Roche notes that the data set consists of public information, such as names, addresses, and ID numbers, with limited information available. The accuracy of the data set may be affected by gaps and inconsistencies due to legacy systems and acquisitions, requiring consolidation and validation.

Specialised sources like Interpol and SAPS are unified into a standardised database or data table through website scraping while complying with legal requirements. Regular monitoring and updating of scraping tools are necessary to ensure legal compliance and functionality as website structures change, along with continuous adherence to ethical and legal standards.

Data Management and Schema Structure

Roche notes that RAHN manages roughly 20 gigabytes of data through a structured schema, including Metadata tables for transparency and indexing for performance. The primary entity table is supported by relationship, audit, and history tables, ensuring adherence to standards, compliance, and security. Daily automation through GitHub handles large data volumes with versioning and backup options. Scheduled updates run daily at midnight to add, remove, and update records, and the organisation boasts readily available skill sets to maintain this efficient environment.

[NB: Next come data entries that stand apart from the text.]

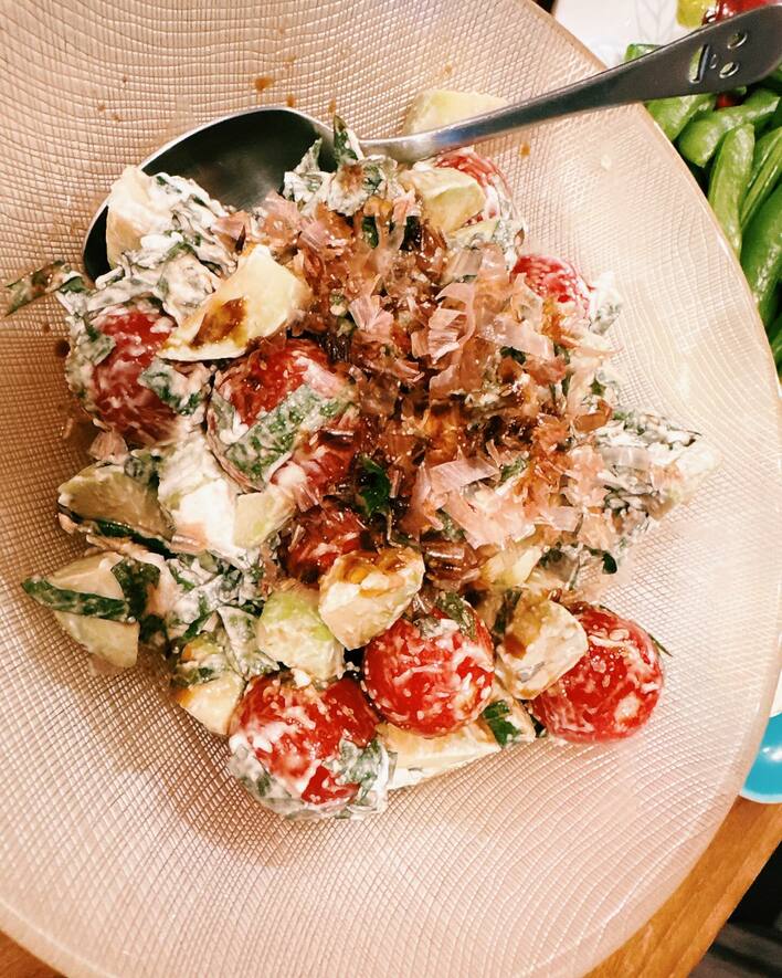 ホットプレートの近くには、アボカド、トマト、大葉 クリームチーズに、わさび醤油とかつお節をかけたというおつまみレシピも!
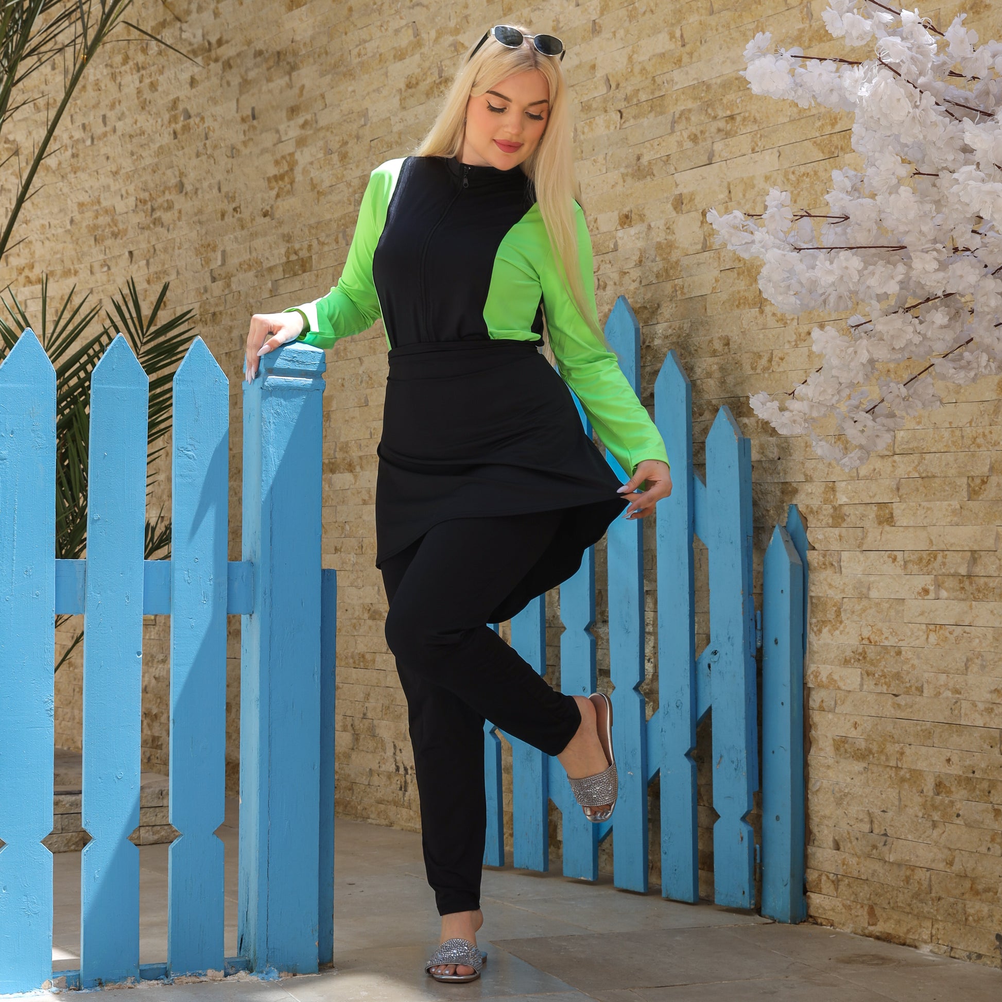 مايوه بوركيني جامب سوت خامة قماش مايوه + جيب و بندانة هدية
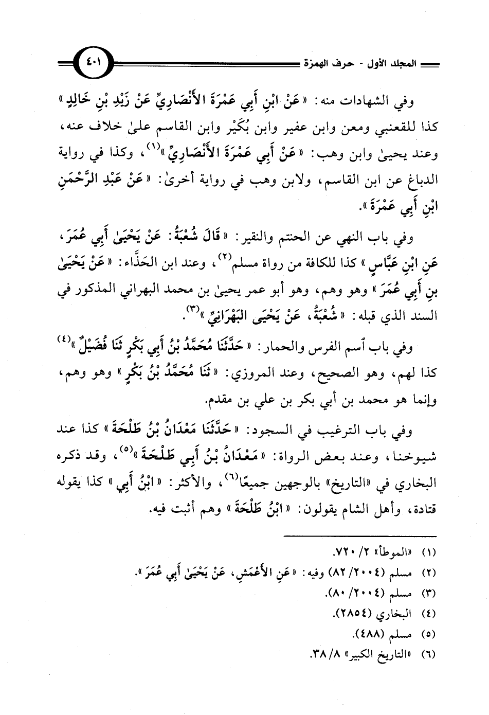 وفي باب الترغيب في السجود: "حَدَّثَنَا مَعْدَانُ بْنُ طَلْحَةَ" كذا عند شيوخنا، وعند بعض الرواة: "مَعْدَانُ بْنُ أَبِي طَلْحَةَ" (¬5)، وقد ذكره البخاري في "التاريخ" بالوجهين جميعًا (¬6)، والأكثر: "ابْنُ أَبِي" كذا يقوله قتادة، وأهل الشام يقولون: "ابْنُ طَلْحَةَ" وهم أثبت فيه.

Database Management and Schema

Figure 6 Database Management and Schema

Automation with GitHub Actions and Windows Server 2023

Figure 7 Automation with GitHub Actions and Windows Server 2023

Data Management and Security in Data Story Solutions

The system is designed to handle up to 5 million records and is built for high-volume processing, including scraping jobs, XML jobs, and PDFs. Daily updates run for 30 minutes to an hour for three and a half million records over 1150 lists. Data is stored in the Microsoft cloud, with client data separated from internal data in SQL services to ensure privacy and security. Raw data files can be uploaded in CSV format for bulk processing, and batch and API processing is done in memory for purging and cleaning after processing.

Data Storage Solutions

Figure 8 Data Storage Solutions

Website Data Management Capabilities

Roche covers the key aspects of performance metrics, monitoring, API and batch handling, object-relational mapping with Prisma, streamlining of operations, batch screening, single search functions, service levels, CRM integration, and client interaction. He includes details on uptime, processing time, data integrity, resource utilisation, and insert, delete, and update operations. Monitoring for downtime and notifications for availability are also included.

The API and batch handling features meet security and compliance requirements. Prisma's object-relational mapping simplifies data creation, reading, updating, and deleting. Streamlining of operations and integration into the data model is also covered. The batch screening and single search functions are based on organisation volume, and different service levels are offered based on organisation type and volume. CRM integration provides real-time and batch processing, as well as flexibility in data input. Roche adds that the system provides client interaction and an adaptable interface to suit varied needs.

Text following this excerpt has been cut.